在 dplyr 中解析日期时间
parsing date times in dplyr
我需要解析多个日期和时间。这是一个例子:
library(dplyr)
library(tidyr)
library(lubridate)
date.called <- c("28-Feb","10/1/16","8/13/15")
call.times <- c("912","1513","922, 1810")
df<- data.frame(call.times,date.called,stringsAsFactors = F )
df <- df %>%
separate(call.times, c("time.1", "time.2"), sep = "\,", remove=FALSE) %>%
mutate(time.1 = trimws(time.1), time.2 = trimws(time.2))

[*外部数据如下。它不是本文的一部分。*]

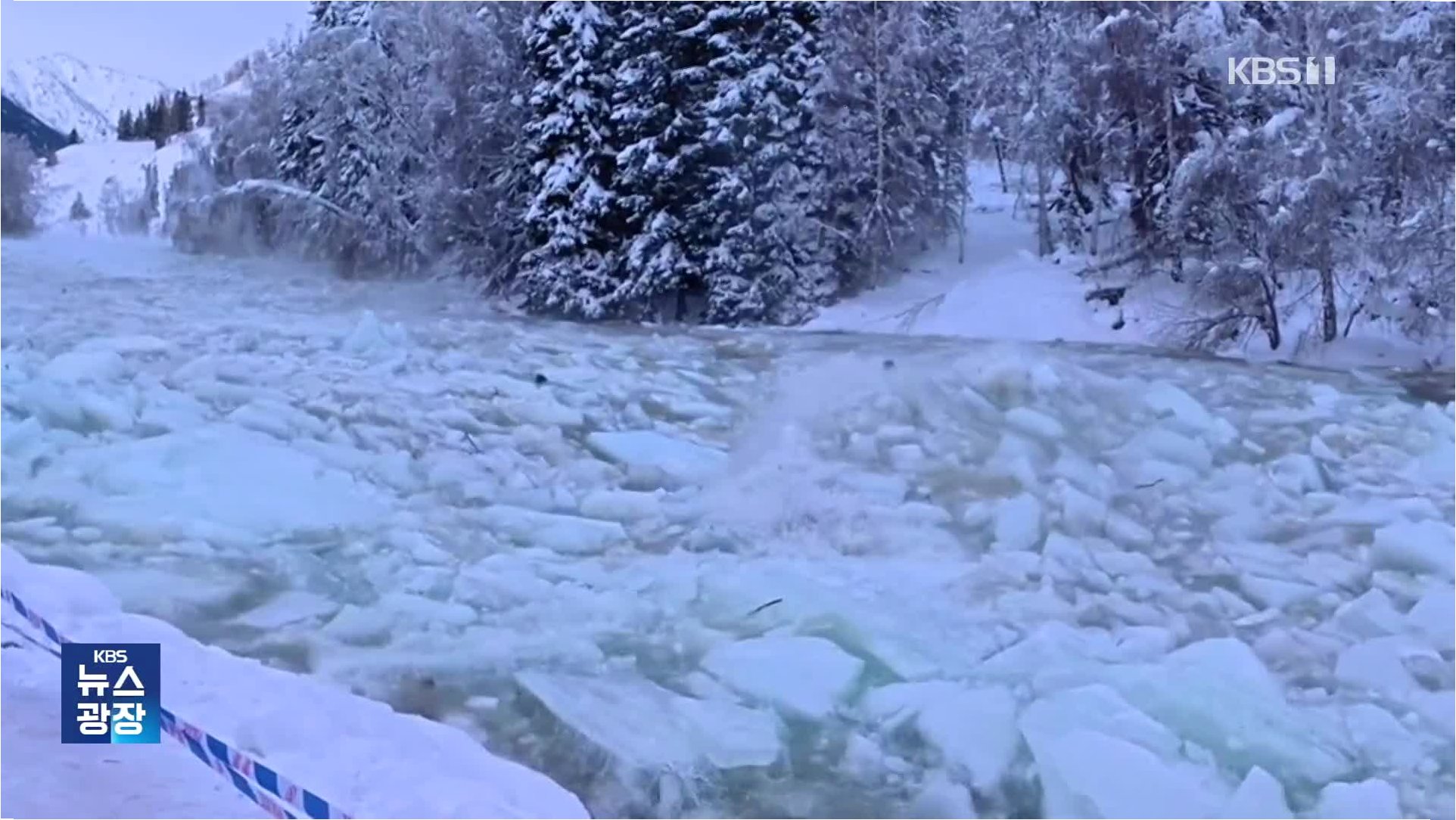 눈부신 설경, 순식간의 공포: 얼음 쓰나미가 덮친 카나쓰강의 비극

#parse each new date and time
df %>% mutate(time.1 = ifelse( !is.na(time.1) ,
parse_date_time(sprintf("%s %04s", date.called,
gsub('^([0-9]+)([0-9]{2})$', '\1:\2', time.1)),
c('%m/%d/%y %H:%M','%d-%b %H%M')), time.1),
time.2 = ifelse( !is.na(time.2) ,
parse_date_time(sprintf("%s %04s", date.called,
gsub('^([0-9]+)([0-9]{2})$', '\1:\2', time.2)),
c('%m/%d/%y %H:%M','%d-%b %H%M')), time.2) )
我得到 df 的以下输出:
call.times time.1 time.2 date.called
1 912 -62162174880 <NA> 28-Feb
2 1513 1475334780 <NA> 10/1/16
3 922, 1810 1439457720 1439489400 8/13/15
相反,我正在尝试生成此输出:
call.times time.1 time.2 date.called
1 912 0000-02-28 09:12:00 <NA> 28-Feb
2 1513 2016-10-01 15:13:00 <NA> 10/1/16
3 922, 1810 2015-08-13 09:22:00 2015-08-13 18:10:00 8/13/15
感谢您的帮助。
我愿意
df %>% mutate_at(vars(starts_with("time")), function(x)
parse_date_time(
sprintf("%s %04s", date.called, gsub('^([0-9]+)([0-9]{2})$', '\1:\2', x)),
c('%m/%d/%y %H:%M','%d-%b %H%M')
))
# call.times time.1 time.2 date.called
# 1 912 0000-02-28 09:12:00 <NA> 28-Feb
# 2 1513 2016-10-01 15:13:00 <NA> 10/1/16
# 3 922, 1810 2015-08-13 09:22:00 2015-08-13 18:10:00 8/13/15
正如 LukeA 在评论中所说,ifelse
剥离了属性,从而删除了日期格式。您可以通过将 parse_date_time
函数移到 ifelse
之外来规避此行为。您的代码的修改版本会给出您想要的结果:
df %>%
mutate(time.1 = parse_date_time(ifelse(!is.na(time.2),
sprintf("%s %04s", date.called, gsub('^([0-9]+)([0-9]{2})$', '\1:\2', time.1)),
NA),
c('%m/%d/%y %H:%M','%d-%b %H%M')),
time.2 = parse_date_time(ifelse(!is.na(time.2),
sprintf("%s %04s", date.called, gsub('^([0-9]+)([0-9]{2})$', '\1:\2', time.2)),
NA),
c('%m/%d/%y %H:%M','%d-%b %H%M'))
)
结果:
call.times time.1 time.2 date.called
1 912 0000-02-28 09:12:00 <NA> 28-Feb
2 1513 2016-10-01 15:13:00 <NA> 10/1/16
3 922, 1810 2015-08-13 09:22:00 2015-08-13 18:10:00 8/13/15
我需要解析多个日期和时间。这是一个例子:
library(dplyr)
library(tidyr)
library(lubridate)
date.called <- c("28-Feb","10/1/16","8/13/15")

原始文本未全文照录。